Department of Urology, Kocaeli University School of Medicine, 41001, Kocaeli, Turkey.
Department of Pharmacology, Kocaeli University School of Medicine, Kocaeli, Turkey.
Int Urogynecol J. 2024 Mar;35(3):677-688. doi: 10.1007/s00192-023-05723-x. Epub 2024 Feb 20.
To evaluate the effect of AF219, a P2X3 receptor antagonist, in animal models of interstitial cystitis/bladder pain syndrome (IC/BPS) induced by cyclophosphamide (CYP) or water avoidance stress (WAS).
Thirty-two adult female Wistar albino rats were used in each IC/BPS model. Assessment of nociception and anxiety and severity of inflammation in the bladder were assessed by behavioral experiments and histopathological examinations respectively. The contraction responses of the bladder were evaluated in vitro and protein levels of P2X3, P2X7, Trk-A, TRPV1, and TRPA1 were analyzed by Western blot.
The IC/BPS groups had shorter response times to noxious stimuli, exhibited more anxiety-like behavior, had higher inflammation-based histological scores, and showed greater increased contraction responses to carbachol, adenosine triphosphate, and electrical field stimulation in in vitro bladder strips than controls for both models (p < 0.05). The improvements in behavioral and bladder contraction responses and inflammation scores in the IC/BPS + AF219 groups were similar to control findings (p > 0.05). Exposure to WAS or CYP increased P2X3 expression in the bladder compared with the controls (p < 0.05). Apart from TRPA1, the levels of P2X7, Trk-A, and TRPV1 were also higher in the IC/BPS groups than in the controls (p < 0.05). No significant differences were observed between IC/BPS + AF219 and controls regarding P2X3, P2X7, Trk-A, and TRPV1 in the WAS model (p > 0.05). Moreover, P2X3 and P2X7 levels were significantly lower in IC/BPS + AF219 than in the AF219-untreated WAS model (p < 0.05).

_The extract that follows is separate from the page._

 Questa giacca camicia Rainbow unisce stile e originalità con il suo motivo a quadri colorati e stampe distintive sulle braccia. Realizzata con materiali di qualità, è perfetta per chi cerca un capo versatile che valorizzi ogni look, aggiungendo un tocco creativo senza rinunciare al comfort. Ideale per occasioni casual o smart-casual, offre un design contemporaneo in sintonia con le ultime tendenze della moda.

These findings suggest that P2X3 receptors play a significant role in bladder functional responses, nociception, and also the pathogenesis of IC/BPS. AF219 may be a promising therapeutic strategy for IC/BPS. Comparing AF219 with current IC/BPS treatment agents in future studies may yield valuable insights into its efficacy.
评估 AF219(一种 P2X3 受体拮抗剂)在环磷酰胺(CYP)或水回避应激(WAS)诱导的间质性膀胱炎/膀胱疼痛综合征(IC/BPS)动物模型中的作用。

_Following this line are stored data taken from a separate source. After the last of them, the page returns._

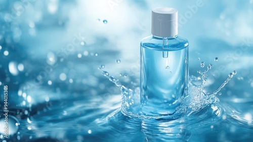 Splash cosmetic moisturizer water micellar toner or emulsion blue colored abstract background
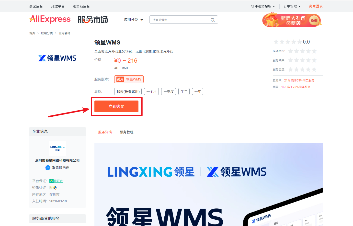 ● 进入链接并登录店铺账号(请注意,此处需登录海外托管店铺账户):服务详情 点击【立即购买】
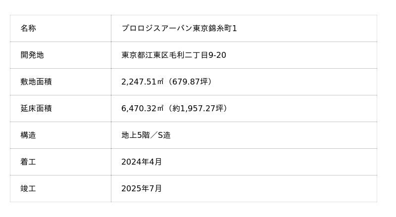 ■「プロロジスアーバン東京錦糸町1」施設概要

每个 IC/BPS 模型均使用 32 只成年雌性 Wistar 白化大鼠。通过行为实验评估痛觉和焦虑,通过组织病理学检查评估膀胱炎症的严重程度。通过体外膀胱条评估收缩反应,并通过 Western blot 分析 P2X3、P2X7、Trk-A、TRPV1 和 TRPA1 的蛋白水平。

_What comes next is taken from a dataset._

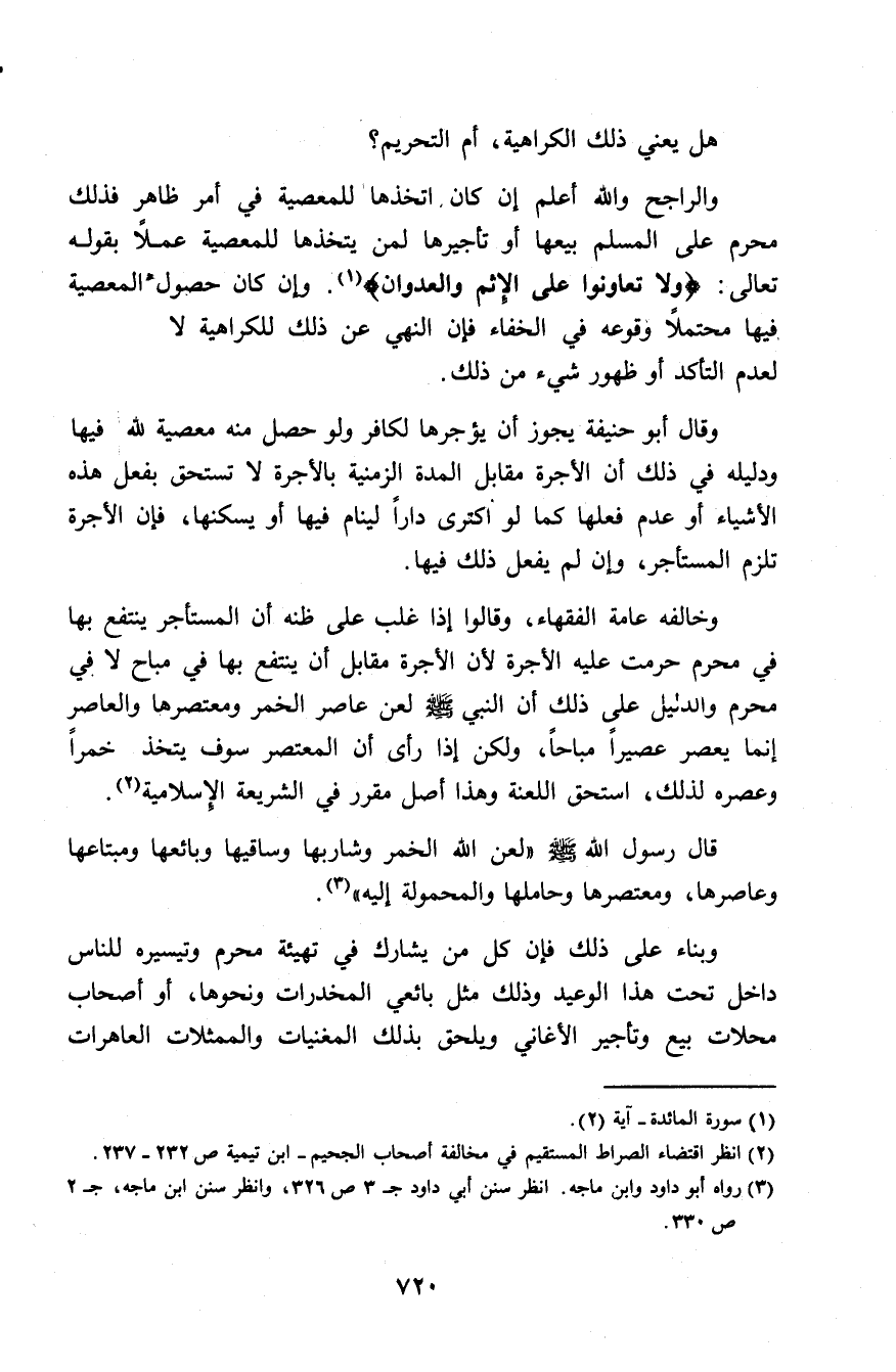 وخالفه عامة الفقهاء، وقالوا: إذا غلب على ظنه أن المستأجر ينتفع بها في محرم حرمت عليه الأجرة لأن الأجرة مقابل أن ينتفع بها في مباح لا في محرم والدليل على ذلك أن النبي - صلى الله عليه وسلم - لعن عاصر الخمر ومعتصرها والعاصر إنما يعصر عصيرًا مباحًا، ولكن إذا رأى أن المعتصر سوف يتخذ خمرًا وعصره لذلك، استحق اللعنة وهذا أصل مقرر في الشريعة الإسلامية (¬2).

IC/BPS 组对有害刺激的反应时间更短,表现出更多的焦虑样行为,基于炎症的组织学评分更高,并且与两种模型的对照组相比,对 carbachol、三磷酸腺苷和电刺激的体外膀胱条的收缩反应增加更大(p<0.05)。与对照组相比,IC/BPS+AF219 组的行为和膀胱收缩反应以及炎症评分的改善相似(p>0.05)。与对照组相比,WAS 或 CYP 暴露使膀胱中 P2X3 的表达增加(p<0.05)。除 TRPA1 外,IC/BPS 组的 P2X7、Trk-A 和 TRPV1 水平也高于对照组(p<0.05)。在 WAS 模型中,与对照组相比,IC/BPS+AF219 组的 P2X3、P2X7、Trk-A 和 TRPV1 之间没有观察到显著差异(p>0.05)。此外,与未接受 AF219 治疗的 WAS 模型相比,IC/BPS+AF219 组的 P2X3 和 P2X7 水平显著降低(p<0.05)。
这些发现表明 P2X3 受体在膀胱功能反应、痛觉和 IC/BPS 的发病机制中起重要作用。AF219 可能是一种有前途的 IC/BPS 治疗策略。在未来的研究中,将 AF219 与当前的 IC/BPS 治疗药物进行比较,可能会深入了解其疗效。